I have a saying that sometimes you say a lot by saying nothing. In my opinion, silence is understated as an effective tool in business and management communication. We live in an age where we are bombarded with noise in all its forms – opinion, conversation, phones, emails. Silence, on the other hand, seems to have fallen out of favour.
Let me explain, by use of an example, what I mean by “sometimes you say a lot by saying nothing”.
If someone has slighted you, you have two options:
- You can choose to get into an argument.
- You can react immediately to what has happened.
- You can defend your position.
- You can protect your pride.
- In the process, you may say something that could may alleviate the situation, or may inflame it.
- What you say will depend on the situation, the relationship you have with the other person and what else is going on in your life at that time.
- You can choose to say nothing.
- By saying nothing, you may elevate yourself above the argument.
- You have the other person guessing.
- By them guessing, they question themselves.
- By questioning themselves, they start to draw their own conclusions.
- Eventually, they may ask you the question as to what happened.
- You can then choose to enter into the discussion, with a clear mind and a firm viewpoint.
But take note:
A. Often, you won’t be asked.
B. Always maintain dignity.
As a management tool, I’ve used this to great effect over the years. I’ve worked with hundreds of staff, managers, clients and colleagues. I was formerly of the school of Option 1 – load up my cannon with the best form of ammunition and fire away. Sometimes aimlessly. Sometimes at the wrong enemy. Often with adverse consequences.

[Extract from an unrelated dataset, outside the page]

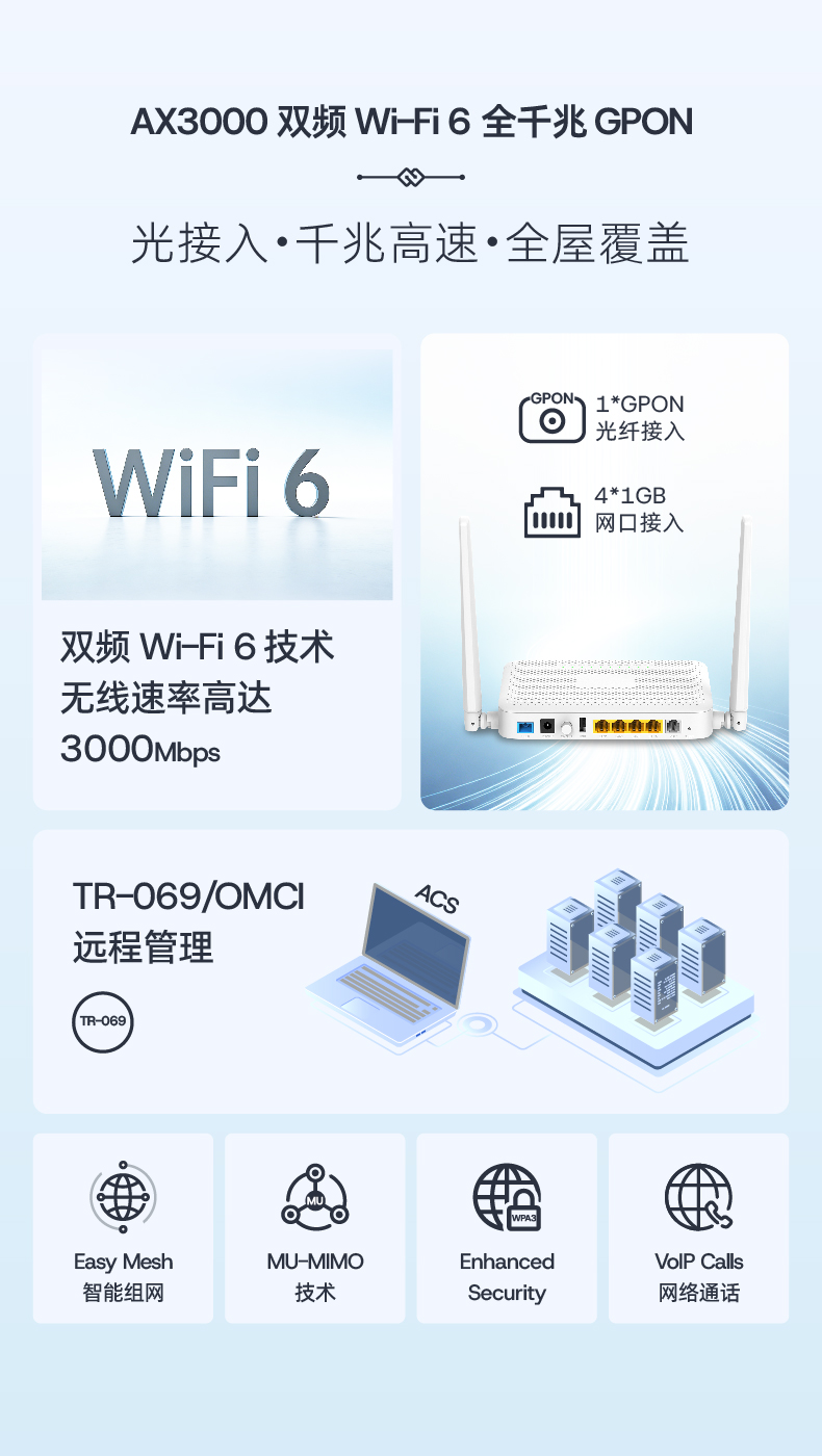 光纖入戶優選!AX3000雙頻Wi-Fi 6+全千兆GPON,光網智聯硬核實力拉滿

When I started teaching myself about the effectiveness of silence, I found the reaction was different for me on three fronts:
- I felt less stressed about the situation, the result and the aftermath.
- The situation would either diffuse or be resolved much faster as a result of not engaging in turf warfare.
- It helped to improve the relationships with the people I was engaging with.
So, next time something happens, and your usual first reaction is to jump in and offer a retort, think whether sometimes you say a lot by saying nothing.
This Week’s Tip
We all need silence to help us think, create, ponder and develop. By not reacting to every situation, immediately, we develop the art of patience and perspective, both effective business management tools.